> oPa!

Author: aLmich

Opa! These words were repeatedly said on KC and Richard’s movie “For The First Time”. I was with Jay [birthday celebrator], Kiko, and Jc then. I kept on thinking where I heard the word. It was only after all the closing credits were gone that Cyma entered my thoughts.

I had the 1st chance to experience the restaurant the last time we went to Bora. So for those who’re frequent to Boracay, Cyma Restaurant may already be familiar to you. It is a restaurant that specializes in Greek and Mediterranean dishes. I wasn’t actually the one who ordered for my food before so it still felt like my first time to dine here, so I was a bit wary when Z invited me to have dinner there, though excited at the same time to try new food.

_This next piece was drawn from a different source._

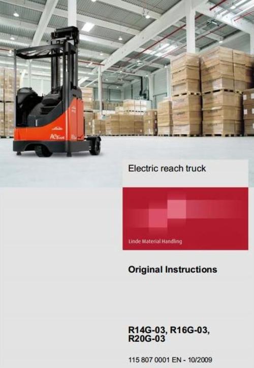 Linde Electric Reach Truck Type 115-03: R14G-03, R16G-03, R20G-03 Operating Instructions (User Manual)

The place was filled with diners and the atmosphere was bustling with chatter. We had to squeeze between groups of people. The air was contagious and soon my spirits lifted with the excitement akin to festival fever. Z has always been all-knowing on these spots so I made him do all the tasks.

I let him order as I was not about to pretend to be an expert on Greek cuisine. I just read the description of the items he was ordering just to make sure that there wasn’t something there that I did not like.

Saganaki - is – visually and audibly – the flagship dish of Cyma. It is a Greek cheese-based dish that is either fried or grilled. At Cyma it is served at your table with great grandeur by igniting it as all the servers shout “Opa!”. I was literally amazed. It wasn’t my first time there but it surely beats the usual “Happy Birthday” that is usually done in other places. The Saganaki was served with grilled bread that was a perfect partner with the fried greasy cheese appetizer.

Another appetizer, the Dakos or Greek bruschetta, is a watercolor painting of sorts with the errant splotch of wild color. Little towers of bread hold aloft crowns of crushed olives and feta cheese while sitting in a pool of crushed tomatoes, capers, parsley, and olive oil. It’s a meze that has echoes of the Mediterranean.

Large in scale is the Pastitsio, a monstrous baked macaroni, although that term doesn’t do it justice. The Greek form of the Italian word, pasticcio, which means, among other things, hodgepodge, pastitsio is a tri-layer baked pasta dish. A bottom layer of tubular pasta bound with cheese and egg, it’s “piggy-backed” by a layer of ground meat mixed with tomato and cinnamon, and what I distinctly make out as nutmeg. Another layer of pasta, and then it’s topped with béchamel.

The Tonnos Salata is in itself, a salad buffet: mixed greens, feta, baked onions, roasted peppers, olives, marinated potatoes, green beans, and boiled eggs, it boasts of seared Ahi tuna and Gavros, homemade anchovies. Bathed in a summer herb vinaigrette, my family enjoys picking out their desired ingredients to make their own salad, instead of just scooping out large chunk-fulls and dumping it helter-skelter onto a plate. “We ordered the to-share portion for four people last time, and we were so bitin. So good is this salad that even this gigantic family portion is not enough for our party of 12.

My nephew is attracted to the Greek Burger made from Wagu [could this be a menu misspelling?] Brahman beef patties. It comes with peppered feta cheese and tzatziki sauce, a Greek yogurt condiment made from cucumbers and mint leaves. Ordered medium well, I find it tough since I usually like my meat medium rare. Despite the disparity in desired cooking times, the burger smacks of bovine glory with delightful spurts of salt from the feta. I’ll come back for this.

Cyma has an open kitchen and while the main ding room is packed and frenzied, and on a weekend at that, the kitchen maintains its own rhythm. Service is satisfactory, and our waiter, Cayo, is handling the onslaught of orders very well. I can’t complain. The noise level on the other hand, has my nerves on edge but hey, elegant tearoom this is not.

As much as I wanted to eat all of it, it’s just almost impossible because I’ve eaten so much already. And I felt guilty having to leave the plate half-eaten [as I’m used to eating everything placed on my plate] but it’s just physically impossible to stuff all of it in my stomach and expect that I could still in the next 20+ restaurants.